--- Dataset records Enclosed Below ---
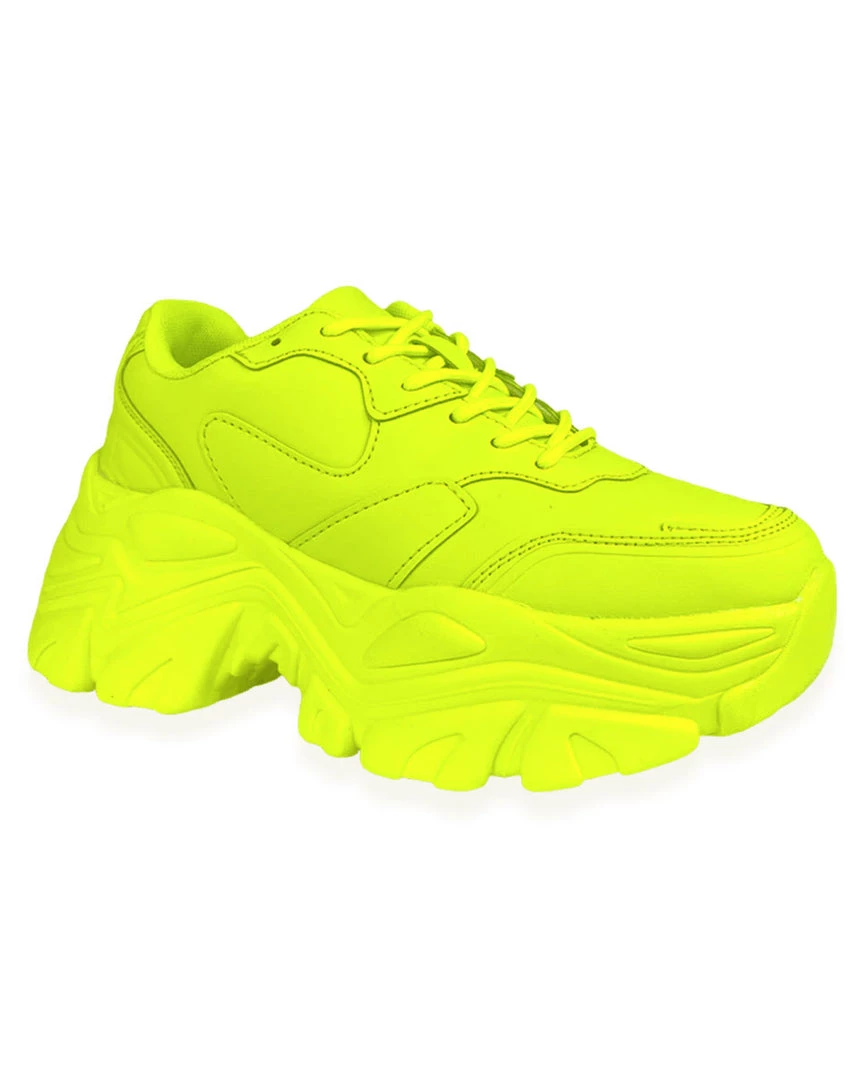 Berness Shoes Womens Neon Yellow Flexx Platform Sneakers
--- End of Enclosed Dataset records ---
--- Dataset records Enclosed Below ---
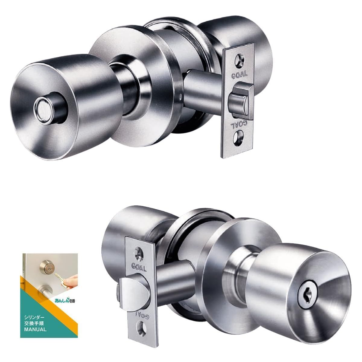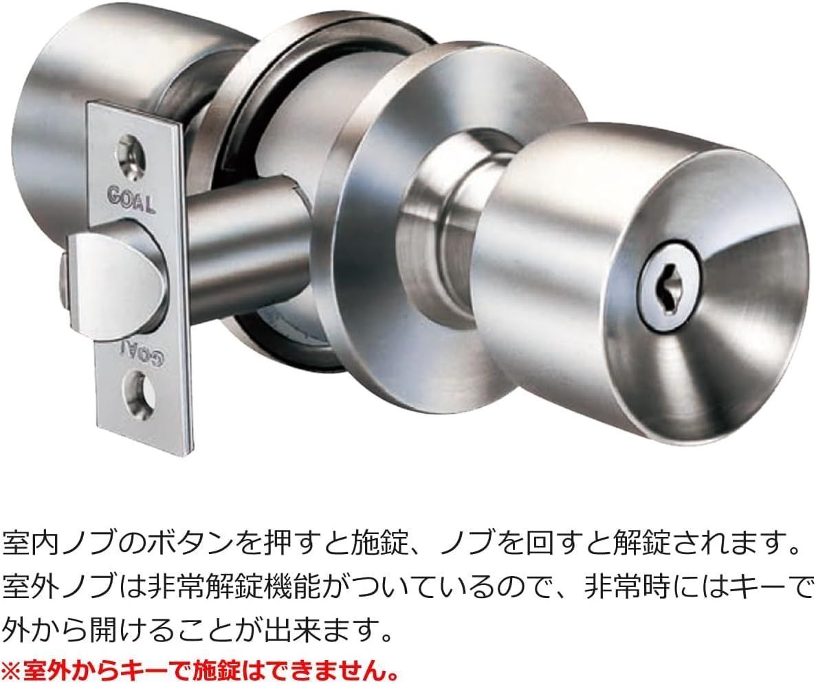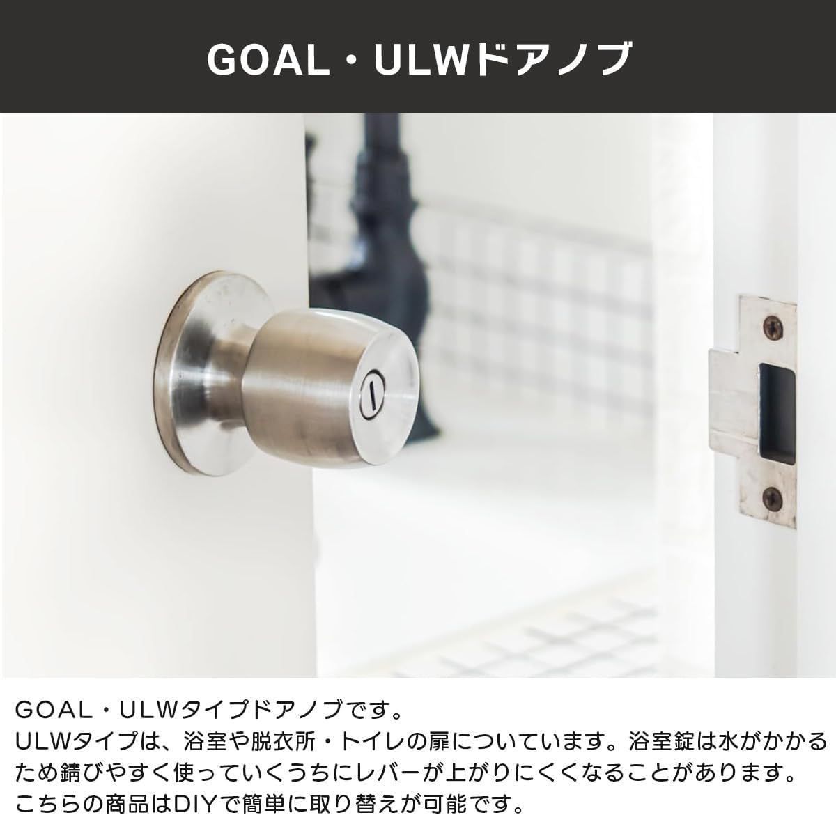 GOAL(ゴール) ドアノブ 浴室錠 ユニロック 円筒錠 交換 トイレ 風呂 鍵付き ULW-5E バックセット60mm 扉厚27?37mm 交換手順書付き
--- End of Enclosed Dataset records ---
--- Dataset records Enclosed Below ---
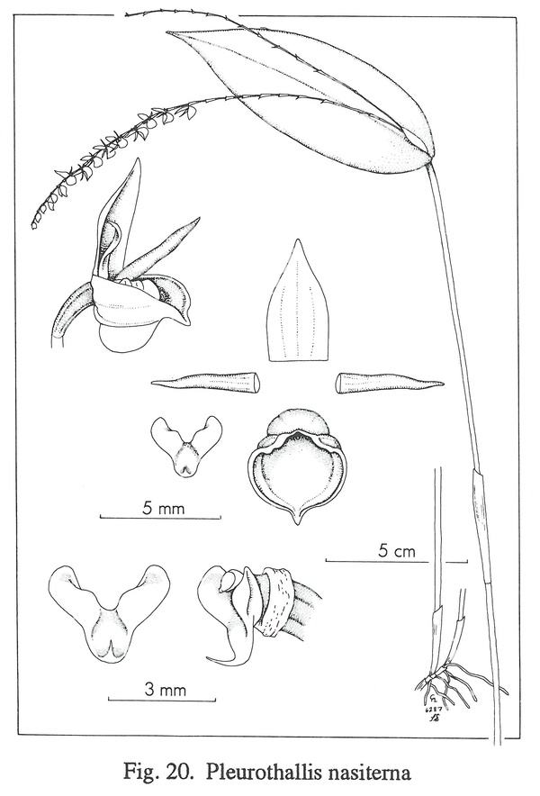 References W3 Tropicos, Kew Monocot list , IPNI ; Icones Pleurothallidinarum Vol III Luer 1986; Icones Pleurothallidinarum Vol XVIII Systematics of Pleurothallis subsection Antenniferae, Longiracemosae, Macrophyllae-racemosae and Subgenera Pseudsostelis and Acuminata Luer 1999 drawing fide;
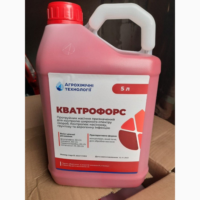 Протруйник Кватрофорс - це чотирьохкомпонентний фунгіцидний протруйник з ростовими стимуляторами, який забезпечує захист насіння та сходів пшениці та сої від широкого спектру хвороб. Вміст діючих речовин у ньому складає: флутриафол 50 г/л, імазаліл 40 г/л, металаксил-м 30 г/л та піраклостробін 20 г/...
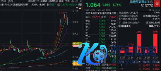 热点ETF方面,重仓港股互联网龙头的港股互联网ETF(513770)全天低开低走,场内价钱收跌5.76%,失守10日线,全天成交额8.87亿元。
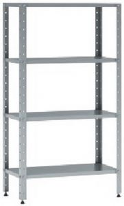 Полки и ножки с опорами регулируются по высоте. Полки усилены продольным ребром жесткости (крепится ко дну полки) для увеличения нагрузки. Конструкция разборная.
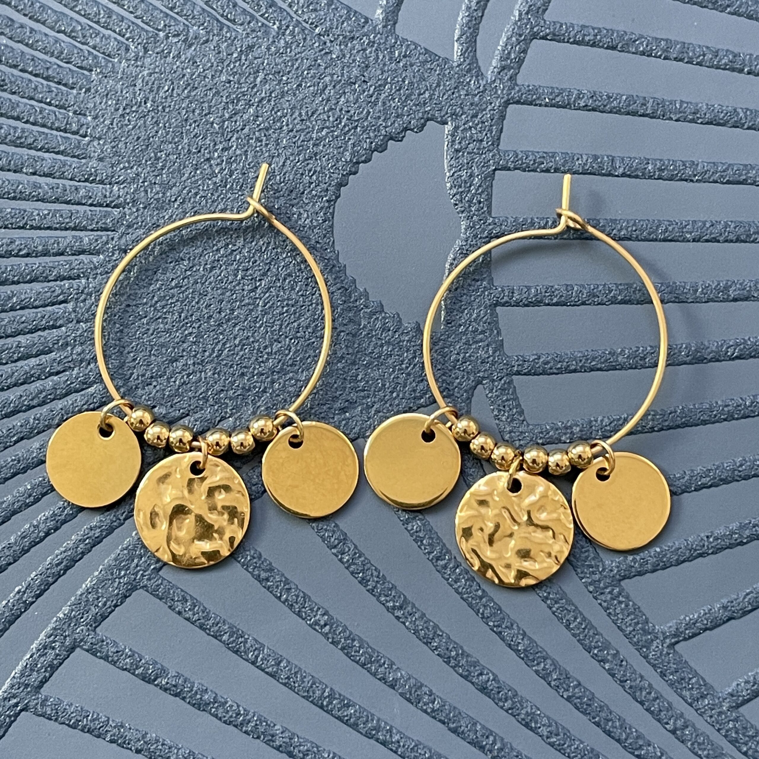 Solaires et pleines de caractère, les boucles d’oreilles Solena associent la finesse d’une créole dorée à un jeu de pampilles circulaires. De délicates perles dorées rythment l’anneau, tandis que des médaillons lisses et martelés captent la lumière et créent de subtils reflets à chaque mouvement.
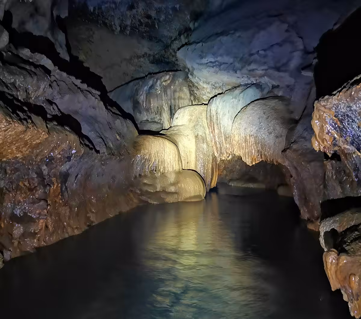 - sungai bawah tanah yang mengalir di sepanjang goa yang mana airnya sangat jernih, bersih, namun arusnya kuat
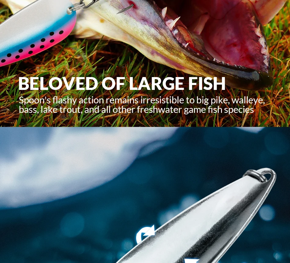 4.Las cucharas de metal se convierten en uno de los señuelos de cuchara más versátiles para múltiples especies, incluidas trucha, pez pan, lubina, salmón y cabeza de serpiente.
--- End of Enclosed Dataset records ---
> **Exercise**
Everything above from the line containing "Протруйник Кватрофорс - це" down to the line containing "4.Las cucharas de" is to be duplicated exactly, both lines included, and the pictures are to be omitted.

> **Written answer**
 Протруйник Кватрофорс - це чотирьохкомпонентний фунгіцидний протруйник з ростовими стимуляторами, який забезпечує захист насіння та сходів пшениці та сої від широкого спектру хвороб. Вміст діючих речовин у ньому складає: флутриафол 50 г/л, імазаліл 40 г/л, металаксил-м 30 г/л та піраклостробін 20 г/...
 热点ETF方面,重仓港股互联网龙头的港股互联网ETF(513770)全天低开低走,场内价钱收跌5.76%,失守10日线,全天成交额8.87亿元。
 Полки и ножки с опорами регулируются по высоте. Полки усилены продольным ребром жесткости (крепится ко дну полки) для увеличения нагрузки. Конструкция разборная.
 Solaires et pleines de caractère, les boucles d’oreilles Solena associent la finesse d’une créole dorée à un jeu de pampilles circulaires. De délicates perles dorées rythment l’anneau, tandis que des médaillons lisses et martelés captent la lumière et créent de subtils reflets à chaque mouvement.
 - sungai bawah tanah yang mengalir di sepanjang goa yang mana airnya sangat jernih, bersih, namun arusnya kuat
 4.Las cucharas de metal se convierten en uno de los señuelos de cuchara más versátiles para múltiples especies, incluidas trucha, pez pan, lubina, salmón y cabeza de serpiente.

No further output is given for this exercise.